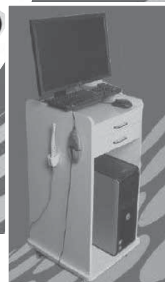
Dell Computer, Monitor & Cart
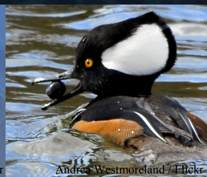
Andrea Westmoreland / Flickr
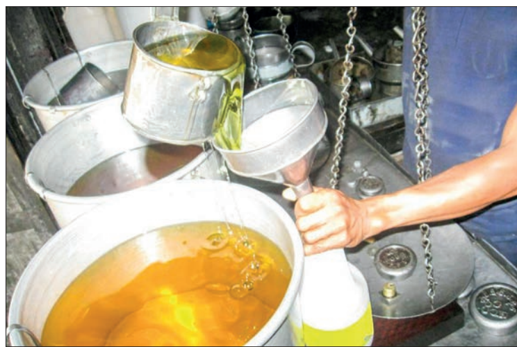
A vendor is pictured siphoning the palm oil into a plastic bottle.

At present, mobile market trucks operated by oil importing companies, in coordination with Myanmar Edible Oil Dealers' Association, were back to busi-
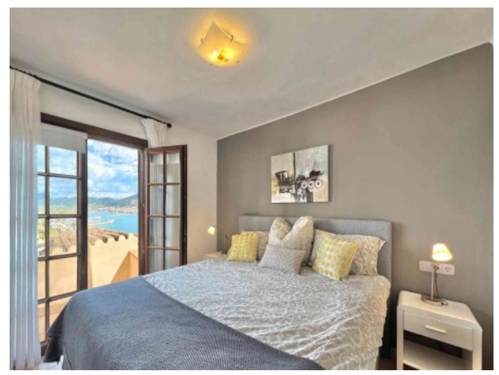
One of 3 double bedrooms
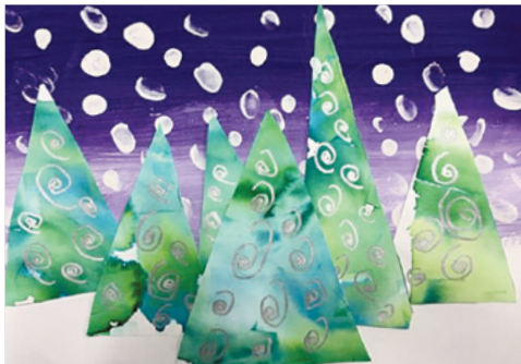
Norah Eccleston , Autumn Lane Elementary
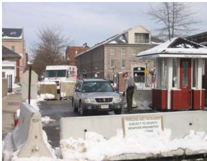
Security checkpoint at Boston Navy Yard

In short, the parks have not felt the pressure to perform, nor have they been held accountable for their noncompliance. The NPS and the Department must address these serious deficiencies within the security and law enforcement programs in order to adequately protect our national icons. Greater effort and guidance are needed in order to properly meet current security demands. Coordination and communication—two key characteristics of any well-functioning organization—are lacking. Specifically, we uncovered an over-reliance on small numbers of protection rangers and Park Police officers. Reliance on overworked and understaffed protection rangers and Park Police officers to provide satisfactory protection at icon parks is unwise. The park security workforce requires augmentation, and both current and incoming rangers and officers should receive more intense training in order to strengthen their skills and to enhance their ability to execute protection duties. Furthermore, technological solutions should be pursued, as well as the use of contract security personnel, where appropriate.
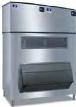
CVD Condensing Unit***
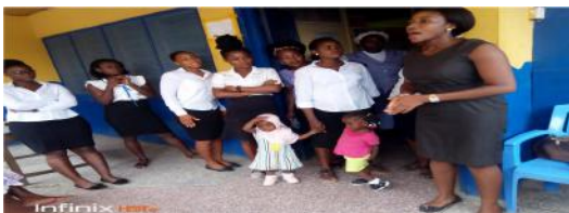
Figure 1 Awutu Senya East Information Assistant sensitizing a focal group on the Ghana Card registration.
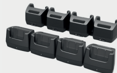
Multiple Charging Cradle
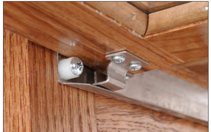
Left capture bracket shown mounted with the door open.
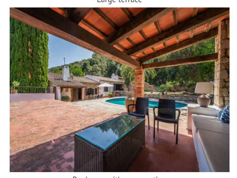
Pool area with cozy seating
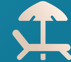
POOL DECK WITH SUN LOUNGERS
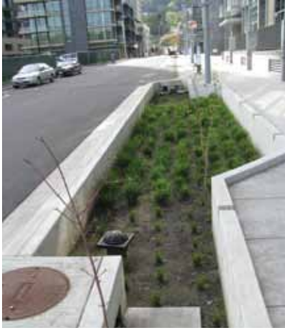
Figure 4. Stormwater planter (Portland, Ore.)

Stormwater planters are containers typically installed at or beneath street or sidewalk level in which trees and other types of plants are planted. Runoff is directed into the planter box where it is filtered by soil and vegetation and then discharged into a storm drain system through an overflow or underdrain. This helps remove pollutants and slows the flow of stormwater entering a storm drain system (Figure 4).
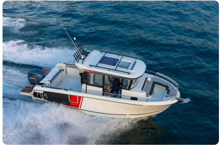
Jeanneau Merry Fisher 795 Sport - Series 2 - overhead view of starboard on the water
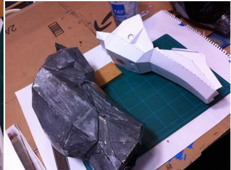
Fiberglass next to paper
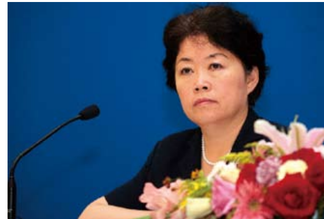
Xin Chunying, member of the NPC Standing Committee and vice chairwoman of the NPC Legislative Affairs Commission, attended a press conference on the adoption of the Labor Contract Law at the Great Hall of the People on June 29, 2007. She said that the law would not affect foreign enterprises' investment in China. Sheng Jiapeng

The NPC Standing Committee received 191,849 suggestions within 30 days.
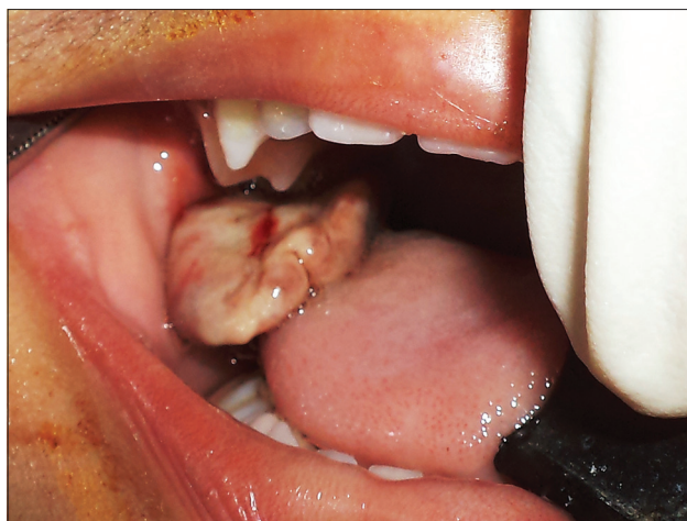
Figure 2: Compressed intra-oral swelling seen after 3 days
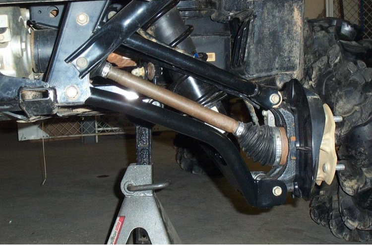
16) Once you have installed the control arms, place the wheels back on the UTV. Torque all lugs to factory specifications and lower the jack.
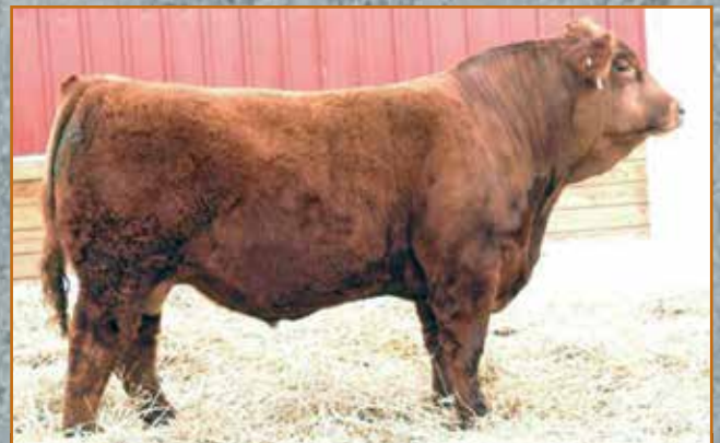
Traxs Rushmore X103
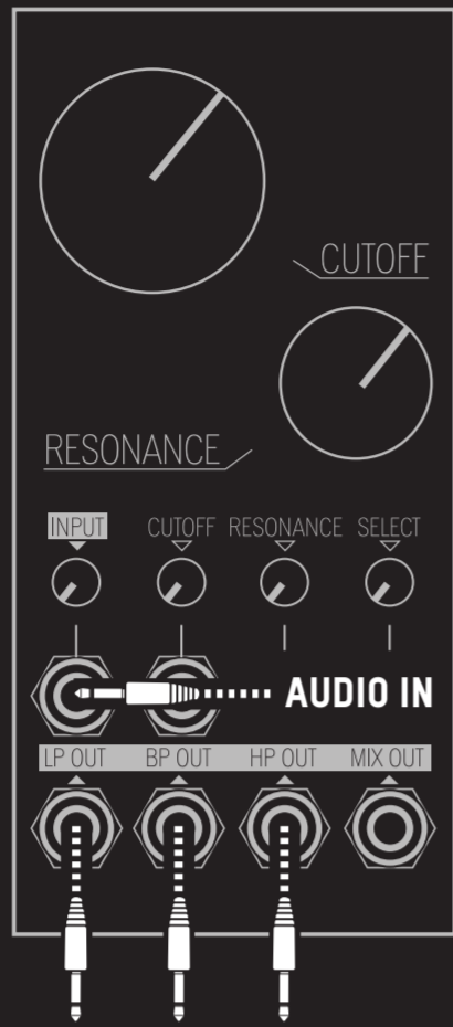
3 OUT TO CHANNEL MIXER

When the input gain is all the way up, the signal is distorted along with high resonance, creating a gritty sound.
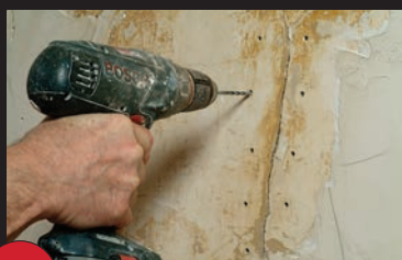
1 DRILL IT
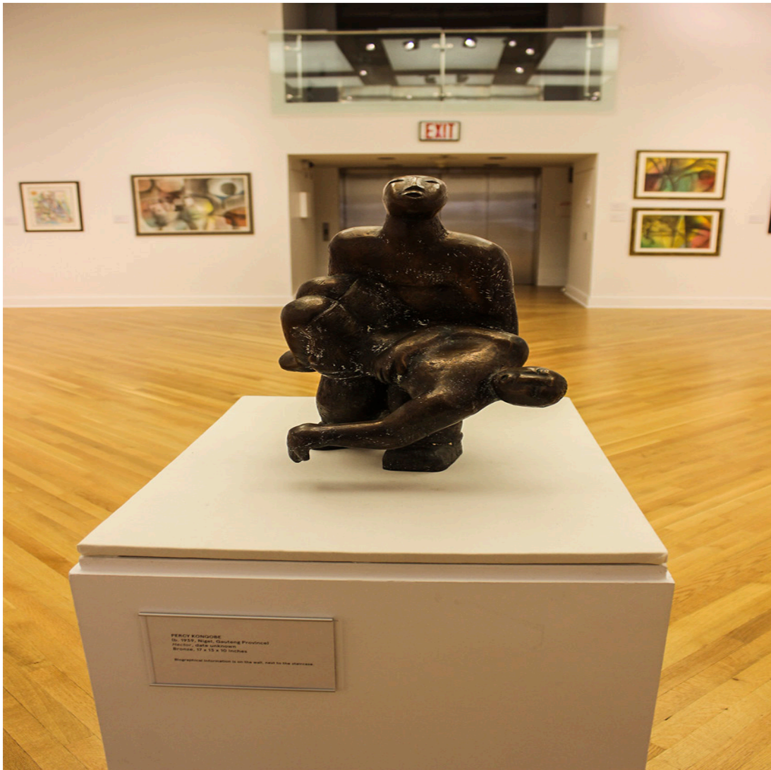
The Godwin-Ternbach Museum is currently hosting an exhibit on art from South Africa during the 1970s and 1980s until March 26

(Work required) Print the data above exactly, from its first line to the line bearing "Figure 4. Stormwater planter (Portland, Ore.)" inclusive, and keep pictures out of the result.

(Result for this task)
Dell Computer, Monitor & Cart
Andrea Westmoreland / Flickr
A vendor is pictured siphoning the palm oil into a plastic bottle.

At present, mobile market trucks operated by oil importing companies, in coordination with Myanmar Edible Oil Dealers' Association, were back to busi-
One of 3 double bedrooms
Norah Eccleston , Autumn Lane Elementary
Security checkpoint at Boston Navy Yard

In short, the parks have not felt the pressure to perform, nor have they been held accountable for their noncompliance. The NPS and the Department must address these serious deficiencies within the security and law enforcement programs in order to adequately protect our national icons. Greater effort and guidance are needed in order to properly meet current security demands. Coordination and communication—two key characteristics of any well-functioning organization—are lacking. Specifically, we uncovered an over-reliance on small numbers of protection rangers and Park Police officers. Reliance on overworked and understaffed protection rangers and Park Police officers to provide satisfactory protection at icon parks is unwise. The park security workforce requires augmentation, and both current and incoming rangers and officers should receive more intense training in order to strengthen their skills and to enhance their ability to execute protection duties. Furthermore, technological solutions should be pursued, as well as the use of contract security personnel, where appropriate.
CVD Condensing Unit***
Figure 1 Awutu Senya East Information Assistant sensitizing a focal group on the Ghana Card registration.
Multiple Charging Cradle
Left capture bracket shown mounted with the door open.
Pool area with cozy seating
POOL DECK WITH SUN LOUNGERS
Figure 4. Stormwater planter (Portland, Ore.)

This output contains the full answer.